Perhaps surprisingly, wrestling is the sport where the U.S. has won its third highest number of Olympic medals, behind track & field and swimming. And yet, for all of these medals, Gardner’s 2000 win was the last time an American took home gold in Greco-Roman wrestling (as opposed to freestyle, in which the U.S. has had much more recent success). But the future of American wrestling is bright, thanks in part to two young athletes who have their own connections to Gardner himself.

On the same day that Gardner made magic happen in the 2000 event that’s now known as “The Miracle on the Mat,” a baby was born who would go on to become a wrestling star. His name? Cohlton Schultz. Last month, Schultz competed for the United States at the World Wrestling Championships in Belgrade, Serbia. It was his seventh time at this tournament, and he’s only 23.

Another American wrestler who made this year’s world team, Mason Parris, grew up with a signed Gardner poster in his bedroom. While Gardner made his mark in the Greco-Roman style, Parris competes in freestyle. These two styles are similar; the primary difference is in which part of the body competitors are allowed to attack. In Greco-Roman, wrestlers have to keep their holds on opponents above the waist, while in freestyle, competitors can target the legs. The two forms of wrestling have a long history at the Olympics, with men contesting both since the 1896 Games in Athens. (And even before its induction into the modern Olympics, wrestling was contested at the ancient Olympics starting in 708 BC – making it one of the oldest Olympic sports.)
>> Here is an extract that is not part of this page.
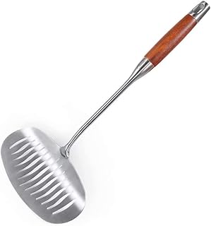 Newness Spatule Cuisine 38.5 cm, Spatule à Angle 304 Acier Inoxydable flexible pour poisson, Spatule Poisson Flexible Turner avec Manche en Bois
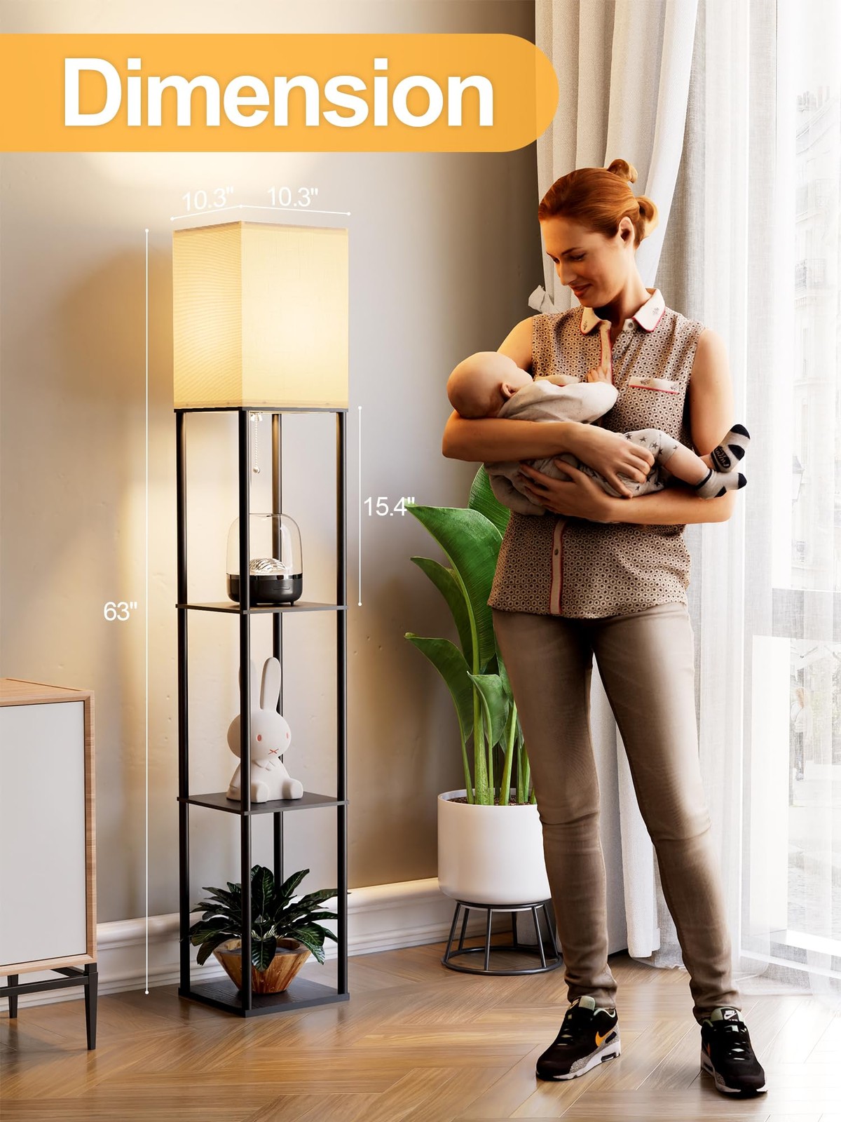 Floor Lamp with Shelves for Living Room, Shelf Floor Lamp with 3 CCT LED Bulb, Corner Display Standing Column Lamp Etagere Organizer Tower Nightstand with White Linen Shade for Bedroom, Office PARTPHONER floor lamp with shelves MORE BENEFITS Open top design with more brightness: This tall standing lamp assembled size is 10.3" L *10.3" W*63" H. It is designed with open top design to shed more light on your room. 3 color temperature bulb with memory function: shelf lamp includes a 9 Watt, 800 lumen energy saving LED bulb. The LED bulb has 3 color temperatures: 2700K/4000K/5000K. You can switch different color temperatures by pulling the pull chain twice within 10 seconds. Also the led bulb has memory function, it will remember the light color last time you chose. 3 tier storage and display: Our floor lamp with shelves is made of sturdy wood with stable structure, high loading with 50 lbs max loading capacity. This floor lamp adds ambiance to your room and provides a storage or display area for vases, books, plants, albums or other items. Wide application: this shelf floor lamp is a perfect holiday gift and birthday gift for mothers, fathers, wives, husbands, children, and friends. It's suitable for beside a sofa, tv stand, fish tank in the living room, reading in the bedroom or reading room, office, library, kitchen, coffee shop, hotel, restaurant, etc. Assemble easily in 10 mins: the package comes with the tools needed for assembly and an instruction manual containing text and video installation steps. Simply follow the steps to assemble the shleves and poles in 10 minutes.

The two-and-a-half decades since Sydney have been complicated for the Olympic champion. He’s faced two near-death experiences (the first in 2002, during a snowmobiling accident in which he developed hypothermia and had to have a toe on his right foot amputated, and the second in 2007, when he crashed an airplane into Lake Powell, Utah and developed hypothermia for the second time); published a memoir called Never Stop Pushing: My Life from a Wyoming Farm to the Olympic Medals Stand; and lost 173 pounds as part of NBC’s reality show The Biggest Loser.

These days, Gardner lives in Utah and works as an insurance agent while also coaching wrestling at Herriman High School. As for his own wrestling career, Gardner might be starting a new chapter. In April 2023, at age 51, he tried to compete in the Greco-Roman heavyweight division at the U.S. Open, but was over the weight cut-off.

“I missed the weigh-ins by 15 pounds, but, being 51 years old, I talked to my sister, who’s a cardiologist,” Gardner told Flowrestling at the time. “She was like, ‘Rulon, there’s a chance that you could die tonight.’ It’s like, you know what, wrestling is important, but it’s not worth taking my life for. I’ve gotten healthy. I’m back to wrestling, back to training and I’m going to continue to compete.”

Those competition plans include the 2024 Olympic Trials next April, according to Gardner. While the next generation of American Greco-Roman wrestlers work towards their first Games, they’ll have the Wyoming native’s success on the global stage in mind. No stranger to a comeback, this could be Gardner’s best one yet.